GARDEN ROUTE NEWS - During the past 46 years the name Kenny Africa has became synonymous with all things traffic. Motorists and media alike know the provincial traffic chief for his hands-on approach to road safety. That is however drawing to a close, as retirement waits in a few weeks' time at the end of July.
"I always wanted to make a difference in people's lives," says Africa.
The chief's early years were far from easy. He was born the youngest of 11 children on the small Moravian mission station Genadendal in the Overberg. When he was two years old his father died and his mother worked very hard to provide the best education possible for her children.

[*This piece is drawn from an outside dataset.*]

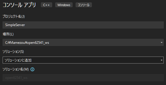 以降では,C:\Mamezou\open62541_wsをソリューションディレクトリと呼ぶことにします。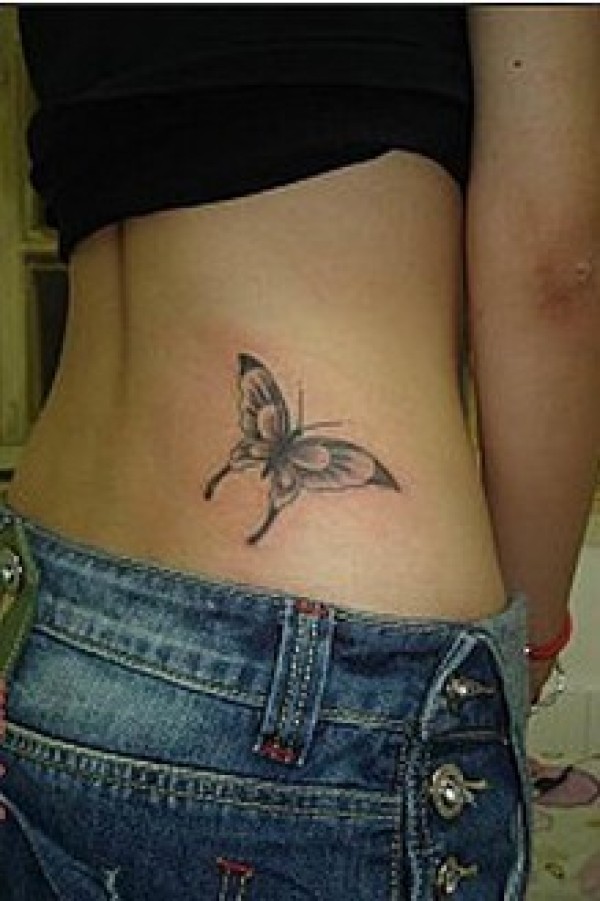 腰部素色的蝴蝶纹身图素色的蝴蝶纹身比起彩绘_蝴蝶纹身图案大全_纹身图吧

In 1974 at the age of 18, the young man applied to the Department of Transport to become a traffic officer. After finishing his training at the college in Ottery, he was deployed to the Worcester provincial traffic station.
After six months he wanted to call it a day because of the difficult circumstances caused by apartheid. A fellow coloured officer convinced him to stay, but after another six months he decided to quit. "This same officer, my friend, officer Cupido, tore up my resignation letter and told me to stay because I would become provincial traffic chief one day."
Africa then decided to change tactics and raised his personal bar for achievement. Instead of writing the usual 30 tickets per month, he wrote 300; instead of one arrest per month, he effected 15. He also worked more than 120 voluntary overtime hours per month and this did not go unnoticed. After a year he became the first coloured traffic officer to receive a merit promotion award. In 1976 he was also the first coloured officer to be promoted to a senior rank.
In April 2010, Africa became chief director of provincial traffic - a position he has filled with pride and diligence ever since. He received numerous awards for outstanding service over the years and has become known for his zero tolerance stance towards anybody endangering the lives of other road users.
Since 1997 when he first became the Western Cape's spokesperson on traffic matters, Africa developed an outstanding rapport with the media. "I have communicated almost daily with the 196 members of the media on my WhatsApp group," he says.
He married Trudy, a school teacher from De Doorns, in the late 70's and the couple has three children. Their eldest son was killed in a car accident in 2001. His daughter lectures at Stellenbosch University and his younger son is in the police service. They also have three grandchildren whom Africa absolutely adores. "If they want it, you buy it. They just know how to tweak you," he smiles.
If he could give new traffic officers some advice, he says he would tell them to thank the Lord for the opportunity to serve. "Stay motivated and always be willing to go the extra mile; someone's life may depend on it."
Asked about plans for the future, he would only divulge that he's definitely not going to disappear: "A possible political career may follow, to improve the lives of all citizens in the Western Cape."